A alimentação proporcionada por Quíron incluía mel de abelhas (alimento associado a sabedoria e ao conhecimento), com medula de ursos (animal cujo simbolismo é ligado ao poder temporal e à classe dos guerreiros) e de javalis (animal associado à autoridade espiritual e classe dos sacerdotes) e com vísceras de leões (animal com simbolismo de poder, sabedoria e justiça). Seu treinamento ocorria em contato com a natureza e atividades de caça, adestramento de cavalos, medicina, música e também a prática da virtude. Aquiles tornou-se um adolescente muito belo, louro, de olhos vivos, intrépido, simultaneamente capaz da maior ternura e da maior violência.

Se a antiga divindade Tétis não conseguiu fazer de seu filho um imortal, pôde testemunhar a vida de Aquiles coroada de honra e vitórias nas batalhas em que esteve presente. Aquiles foi um dos grandes heróis gregos da Guerra de Tróia, sendo reverenciado e cultuado pelos seus feitos e considerado como modelo a ser seguido pelos jovens por muitas gerações. Este aspecto foi muito bem explorado pelo diretor do filme “Tróia” e principalmente pelo ator Brad Pitt cujo desempenho foi marcante, explorando muito bem o impacto das ações espetaculares do grande herói.

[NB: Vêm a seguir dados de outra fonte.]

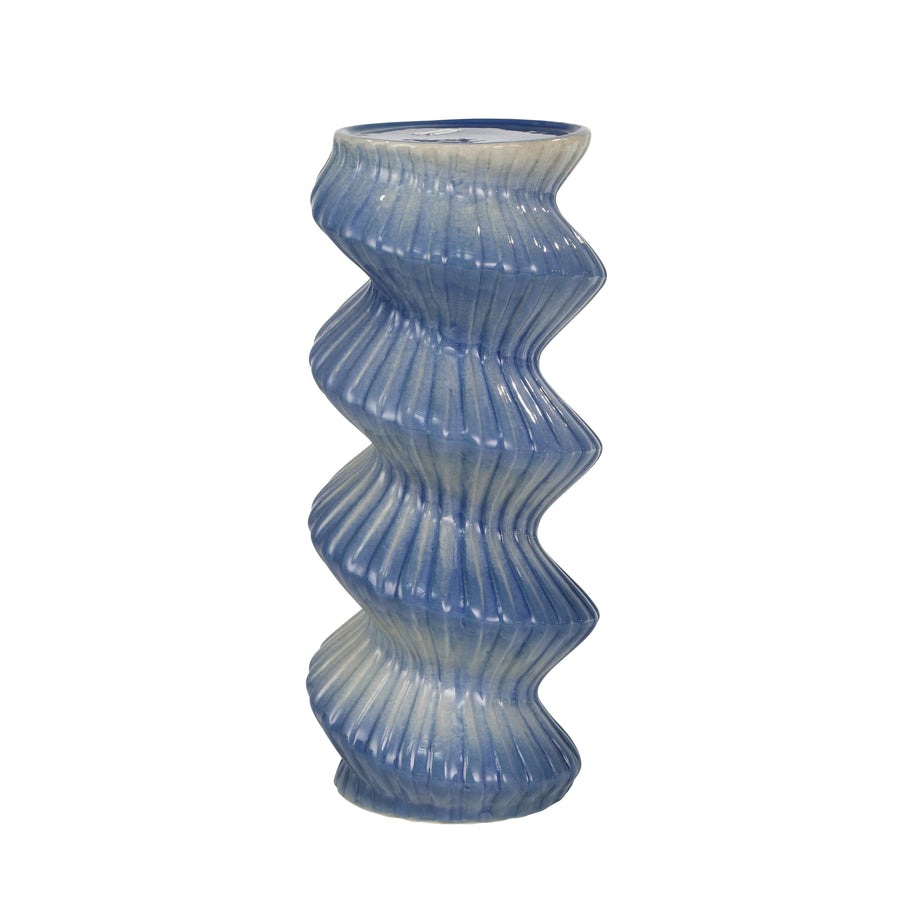 CERAMIC 13" SPIRAL CANDLE HOLDER, BLUE MIX

Sua mãe Tétis usufruiu da gratidão de Hera, a grande deusa do Olimpo e de Zeus, seu marido. Se não criou seu filho, cuidou e educou Hefesto quando este foi arremessado do Olimpo e caiu no mar. Hefesto era o deus das forjas e trabalhava com o fogo. Ele passou nove anos sob os cuidados de Tétis no fundo do mar. Hefesto tornou-se o protetor amigo e leal tanto de Tétis como de seu filho Aquiles.

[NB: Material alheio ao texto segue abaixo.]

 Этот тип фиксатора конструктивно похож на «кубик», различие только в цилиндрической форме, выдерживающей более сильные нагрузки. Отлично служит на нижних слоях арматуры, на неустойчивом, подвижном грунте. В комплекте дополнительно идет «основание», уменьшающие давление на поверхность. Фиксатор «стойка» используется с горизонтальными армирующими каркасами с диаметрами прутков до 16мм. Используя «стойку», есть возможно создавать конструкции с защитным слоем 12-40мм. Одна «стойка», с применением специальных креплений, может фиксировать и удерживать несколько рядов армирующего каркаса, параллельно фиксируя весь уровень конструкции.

Por isso Hefesto se perfilou com os gregos na famosa guerra, confeccionando também as vestimentas indestrutíveis de Aquiles, além de incentivá-lo a manter-se otimista e valente nas lutas. Em certa ocasião, durante as batalhas, o rio Escamandro, cansado de receber tantos cadáveres em seu leito, pretendeu submergir Aquiles e seus guerreiros. Hefesto usando chamas, labaredas e seu sopro ígneo nas águas de Escamandro, obrigou-o a manter-se em seu leito. Homero, falando através de Aquiles na Ilíada, descreveu lindamente que: “a força do rio está em chamas”.

A educação de Aquiles por Quíron teve como objetivo, além da justa preparação para a luta armada e do cumprimento de um grande destino, o desenvolvimento da oratória. Como já vimos, os gregos buscavam o desenvolvimento completo das personalidades cultuadas. Durante sua educação, o herói teve um grande companheiro e amigo de todas as horas chamado Pátroclo. Aquiles se destacava por sua força, sua destreza como caçador e por ser um guerreiro quase indestrutível em lutas com variadas armas. Pátroclo era o amigo leal que o acompanhava em treinamentos e batalhas.